You’ll have to read the whole saga to find out what happened next — editors fired, emails flying around, a beast with its head cut off still writhing in the dirt.
No, this was a huge miscalculation and PR nightmare on the part of the Huffington Post — don’t they pride themselves in knowing what the ground-up internet is doing? Oh, I know. Let’s buy Boing Boing and fire Cory Doctorow! ¬†To me this shows a business owner who does not see the forest for the trees: she and her team forgot what made Cinematical the brand it became: the writers. ¬†I suppose they suspected that the writers would just sit down and shut up. I’m glad they didn’t. It is always better to make noise.
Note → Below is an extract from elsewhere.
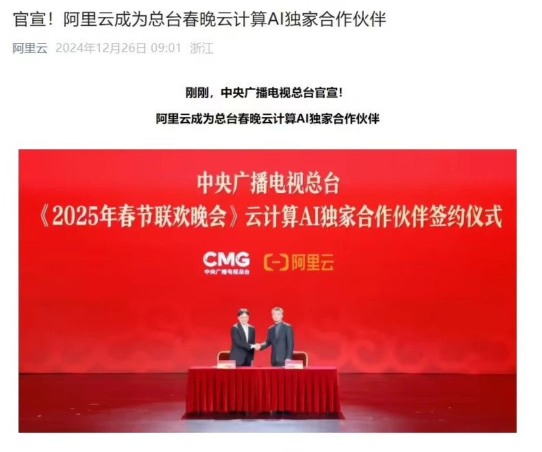 中央广播电视总台正式宣布,阿里云成为2025年春节联欢晚会云计算及人工智能技术的独家合作伙伴,开启春晚历史上首次引入技术合作伙伴的先河,为全球华人观众带来革新的“云上看春晚”体验。

Snider closes his piece this way:
Not that you were going to, but don’t worry about me. I have my eggs in a few other baskets, notably Film.com, whose basket is large and accommodating and not currently in danger of being restructured by Greek pirates. Financially speaking, the death of Cinematical won’t be a huge blow to me.
But it’s a big loss in other ways, for me and for the online film community. Cinematical was a quality site. They ran a wide variety of features covering every aspect of the movies, all produced by a couple dozen enthusiastic writers with distinct voices. Even if Huffington keeps it going with full-time staffers, it’s highly unlikely it’s going to have anything close to that level of passion and zeal. Part of what made the job rewarding is that it was more than just a job. It was something we genuinely enjoyed. We love writing about movies so much that if we didn’t have bills to pay, then yes: we’d do it for free.
And that love for the work, my friends, is what makes all the difference at a time when movie sites are a dime a dozen. Can the Huffington Post empire bring the lemmings and the eyeballs? Magic Eight Ball says, yes they can – they always do. But they will have lost something vital while doing so: the soul of the thing.
If they are happy with that, have at it.